Жильбер был слишком опытным доктором, чтобы не глядя на язык и не щупая пульс, не заметить всю серьезность состояния Мирабо. Больной дышал с трудом, задыхался, у него отекло лицо из-за того, что кровь застаивалась в легких; он жаловался на озноб и время от времени постанывал или вскрикивал от приступов сильной боли.

Однако доктор пожелал получить подтверждение своему уже сложившемуся мнению и взял больного за руку.

Пульс был неровный, прерывистый.

— На этот раз, должно думать, обойдется, дорогой граф, но за мной послали вовремя.

Он вынул из кармана инструменты с такой быстротой и в то же время с таким спокойствием, которые являются отличительными чертами истинного гения.

— А! — воскликнул Мирабо. — Вы собираетесь пустить мне кровь?

— Сию же минуту!

— Из правой руки или из левой?

— Ни из той ни из другой: ваши легкие слишком заполнены. Я пущу вам кровь из ноги, а Тейш пусть отправляется в Аржантёй за горчицей и шпанскими мухами: мы поставим горчичники. Поезжайте в моем экипаже, Тейш.

— Дьявольщина! — откликнулся Мирабо. — Похоже, вы правы, доктор: за вами действительно послали вовремя.

Оставив его замечание без ответа, Жильбер немедленно приступил к операции, и вскоре темная густая кровь, после мгновенной задержки, брызнула из ноги больного.

Незамедлительно наступило облегчение.

— Ах, черт побери! — вскричал Мирабо, почувствовав, что дышать стало легче. — Решительно, доктор, вы великий человек!

— А вы великий безумец, граф, если подвергаете такой опасности жизнь, столь дорогую вашим друзьям и Франции, и все ради нескольких часов сомнительного удовольствия.

На устах Мирабо мелькнула печальная, почти насмешливая улыбка.

— Ба! Дорогой мой доктор! — вздохнул он. — Вы преувеличиваете значение, которое придают мне мои друзья вместе с Францией.

— Клянусь честью, — со смехом возразил Жильбер, — великие люди всегда жалуются на неблагодарность других, а на самом деле неблагодарны они сами. Стоит вам серьезно заболеть, как завтра же весь Париж соберется под вашими окнами; а умри вы послезавтра — вся Франция пойдет за вашим гробом.

— А знаете, то, что вы мне говорите, очень утешительно, — засмеялся Мирабо.

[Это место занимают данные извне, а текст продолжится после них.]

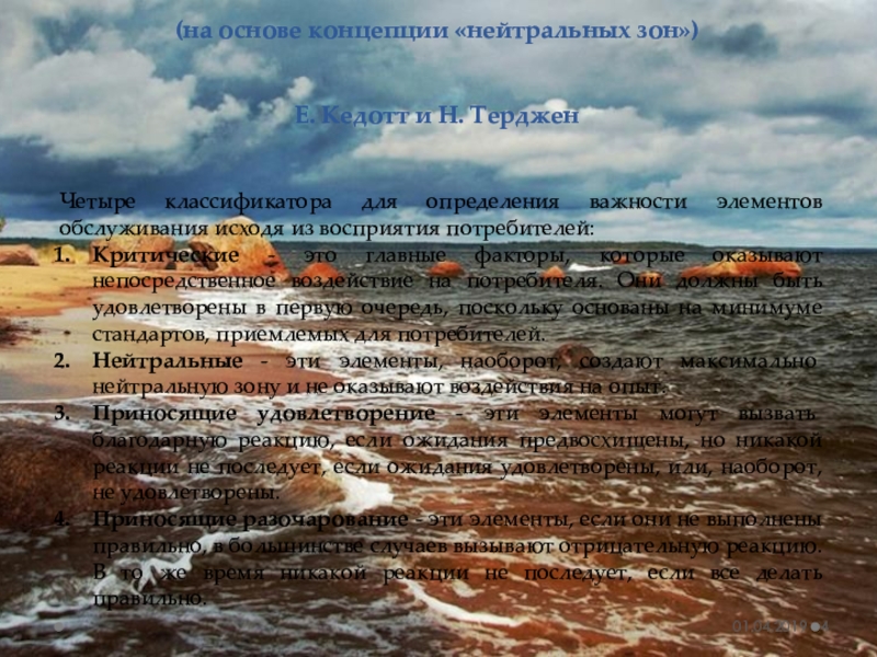Следует учесть, что чем более важными для потребителя являются те или иные элементы обслуживания, тем более узкой является нейтральная зона, тем в меньшей степени нейтральным будет оставаться потребитель в отношении предлагаемого обслуживания.

— Я вам это говорю именно потому, что вы можете увидеть первое без риска явиться свидетелем второго; по правде говоря, вам нужна настоящая демонстрация, это подняло бы вам дух. Позвольте мне часа через два отвезти вас в Париж, граф; разрешите мне шепнуть первому встречному рассыльному, что вы больны, и вы сами увидите, что будет.

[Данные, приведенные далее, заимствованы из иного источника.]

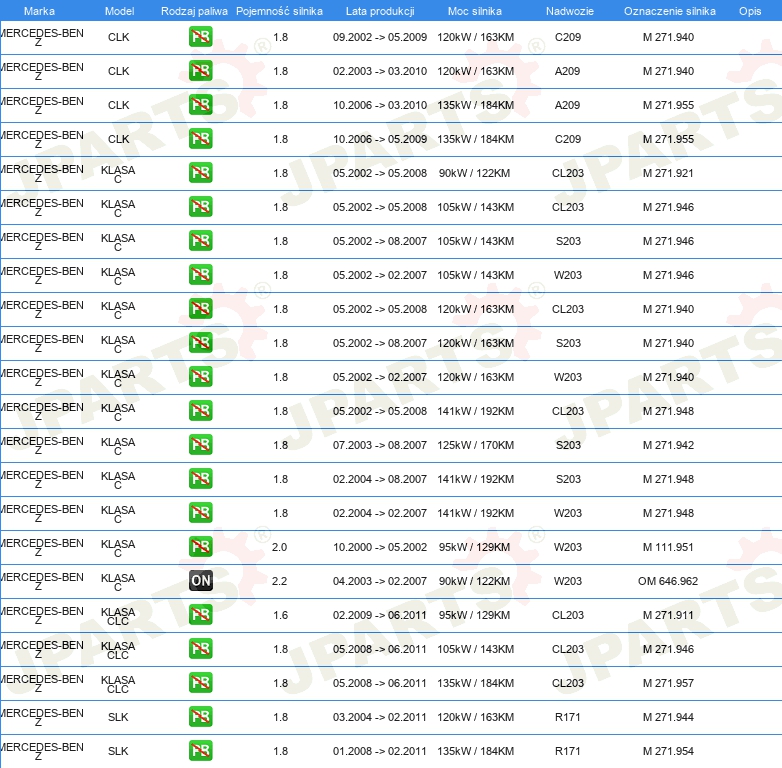 | Pojazd z kierownicą po lewej /prawej stronie: | dla pojazdów z kierownicą z lewej / prawej strony |

— Вы полагаете, что я в состоянии переехать в Париж?

— Да хоть сегодня… Как вы себя чувствуете?

— Дышать стало легче, голова не такая тяжелая, как прежде, туман перед глазами исчезает… Но по-прежнему болят внутренности.

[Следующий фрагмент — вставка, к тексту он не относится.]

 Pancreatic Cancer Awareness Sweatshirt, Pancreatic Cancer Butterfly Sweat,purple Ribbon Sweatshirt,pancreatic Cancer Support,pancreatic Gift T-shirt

— О, это — дело горчичников, дорогой граф; кровопускание свою роль сыграло, теперь настала очередь горчичников. А вот как раз и Тейш подоспел.

Тейш в самом деле входил в это время в комнату, неся все необходимое. Четверть часа спустя наступило предсказанное доктором облегчение.

— Теперь, — сказал Жильбер, — даю вам час на отдых, а потом я увезу вас с собой.

— Доктор, — с улыбкой возразил Мирабо, — позвольте мне уехать сегодня вечером и назначить вам встречу в моем особняке на Шоссе-д’Антен в одиннадцать часов.

Жильбер взглянул на Мирабо.

Больной понял, что доктор догадался о причине этой задержки.

— Что ж такого! — вскричал Мирабо. — Я жду визита.

— Дорогой граф! — отвечал Жильбер. — Я видел много цветов на обеденном столе. Вчера вы не только ужинали с друзьями, не правда ли?